Postby patoco » Mon Oct 09, 2006 8:38 am

May 2006

Early lymph vessel development from embryonic stem cells.

Kreuger J, Nilsson I, Kerjaschki D, Petrova T, Alitalo K,
Claesson-Welsh L.

Department of Genetics and Pathology, Uppsala University, Sweden.

OBJECTIVE: The purpose of this study was to establish a model system for lymph vessel development based on directed differentiation of
murine embryonic stem cells.

METHODS AND RESULTS: Stem cells were aggregated to form embryoid bodies, and subsequently cultured in 3-dimensional collagen matrix for up to 18 days. Treatment with vascular endothelial growth factor (VEGF)-C and VEGF-A individually enhanced formation of lymphatic vessel structures, although combined treatment with VEGF-C and VEGF-A was most potent and gave rise to a network of LYVE-1, podoplanin, Prox1, and VEGF receptor-3 positive lymphatic vessel structures running parallel to and apparently emanating from, capillaries. In contrast, fibroblast growth factor-2, hepatocyte growth factor, or hypoxia had little or no effect on the development of the early lymphatics.
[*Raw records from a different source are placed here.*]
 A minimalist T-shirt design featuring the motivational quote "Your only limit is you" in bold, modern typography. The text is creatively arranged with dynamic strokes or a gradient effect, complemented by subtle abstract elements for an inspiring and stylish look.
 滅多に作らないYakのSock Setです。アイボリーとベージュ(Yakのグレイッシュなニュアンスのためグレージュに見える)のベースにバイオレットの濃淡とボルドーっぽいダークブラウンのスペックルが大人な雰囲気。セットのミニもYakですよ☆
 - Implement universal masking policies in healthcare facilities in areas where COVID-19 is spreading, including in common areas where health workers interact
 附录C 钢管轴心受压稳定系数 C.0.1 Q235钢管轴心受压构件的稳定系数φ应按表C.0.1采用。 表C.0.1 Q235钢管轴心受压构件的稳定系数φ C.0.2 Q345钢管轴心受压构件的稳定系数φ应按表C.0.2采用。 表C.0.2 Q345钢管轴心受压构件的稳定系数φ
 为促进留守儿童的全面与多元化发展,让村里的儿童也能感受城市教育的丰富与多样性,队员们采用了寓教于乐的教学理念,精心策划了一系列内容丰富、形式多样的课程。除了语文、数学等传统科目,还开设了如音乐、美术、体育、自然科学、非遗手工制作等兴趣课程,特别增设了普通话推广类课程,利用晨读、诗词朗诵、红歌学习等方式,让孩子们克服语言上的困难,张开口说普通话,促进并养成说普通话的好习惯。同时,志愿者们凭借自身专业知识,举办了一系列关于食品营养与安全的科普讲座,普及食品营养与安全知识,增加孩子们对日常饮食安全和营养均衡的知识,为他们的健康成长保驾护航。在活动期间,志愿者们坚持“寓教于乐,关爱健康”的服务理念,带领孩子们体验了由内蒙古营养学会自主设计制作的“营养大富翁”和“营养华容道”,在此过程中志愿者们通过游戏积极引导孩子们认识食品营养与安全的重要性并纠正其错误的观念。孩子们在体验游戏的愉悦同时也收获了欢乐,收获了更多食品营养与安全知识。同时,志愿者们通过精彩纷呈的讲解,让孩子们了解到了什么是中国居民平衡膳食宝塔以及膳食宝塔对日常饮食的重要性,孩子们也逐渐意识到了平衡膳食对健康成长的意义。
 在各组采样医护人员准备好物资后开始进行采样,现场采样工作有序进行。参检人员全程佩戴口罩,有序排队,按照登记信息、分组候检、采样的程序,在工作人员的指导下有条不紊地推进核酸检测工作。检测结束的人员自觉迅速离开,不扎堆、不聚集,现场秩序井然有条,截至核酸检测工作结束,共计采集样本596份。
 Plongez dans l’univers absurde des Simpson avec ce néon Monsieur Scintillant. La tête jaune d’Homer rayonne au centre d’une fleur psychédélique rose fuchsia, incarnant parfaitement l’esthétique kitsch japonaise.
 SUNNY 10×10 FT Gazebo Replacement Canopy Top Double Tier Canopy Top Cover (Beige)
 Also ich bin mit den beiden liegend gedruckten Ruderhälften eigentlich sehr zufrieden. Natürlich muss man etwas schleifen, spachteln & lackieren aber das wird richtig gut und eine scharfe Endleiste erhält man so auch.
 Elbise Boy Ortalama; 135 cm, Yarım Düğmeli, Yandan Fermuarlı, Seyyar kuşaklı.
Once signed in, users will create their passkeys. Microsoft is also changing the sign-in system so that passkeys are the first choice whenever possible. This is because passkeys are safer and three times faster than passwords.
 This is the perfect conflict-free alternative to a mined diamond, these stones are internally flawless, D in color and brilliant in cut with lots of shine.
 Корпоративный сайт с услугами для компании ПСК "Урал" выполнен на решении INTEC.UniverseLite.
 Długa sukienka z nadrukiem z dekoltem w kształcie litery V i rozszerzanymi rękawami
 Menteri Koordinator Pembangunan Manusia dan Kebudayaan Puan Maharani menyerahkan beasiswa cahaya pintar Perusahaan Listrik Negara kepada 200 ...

Further, cells of hematopoietic origin were shown to express lymphatic markers. In summary, different subpopulations of lymphatic endothelial cells were identified on the basis of differential expression of several lymphatic and blood vessel markers, indicating vascular heterogeneity.

CONCLUSIONS: We conclude that the present model closely mimics the early steps of lymph vessel development in mouse embryos.

PMID: 16543496 [PubMed - indexed for MEDLINE]


Differentiation of Lymphatic Endothelial Cells From Embryonic Stem Cells on OP9 Stromal Cells.

Kono T, Kubo H, Shimazu C, Ueda Y, Takahashi M, Yanagi K, Fujita N,
Tsuruo T, Wada H, Yamashita JK.

Molecular and Cancer Research Unit, HMRO and Department of Thoracic
Surgery, Graduate School of Medicine, Kyoto University, Japan;
Laboratory of Stem Cell Differentiation, Stem Cell Research Center,
Institute for Frontier Medical Sciences, Kyoto University, Japan;
Institute of Molecular and Cellular Biosciences, The University of
Tokyo, Japan; and PRESTO, Japan Science and Technology Agency, Japan.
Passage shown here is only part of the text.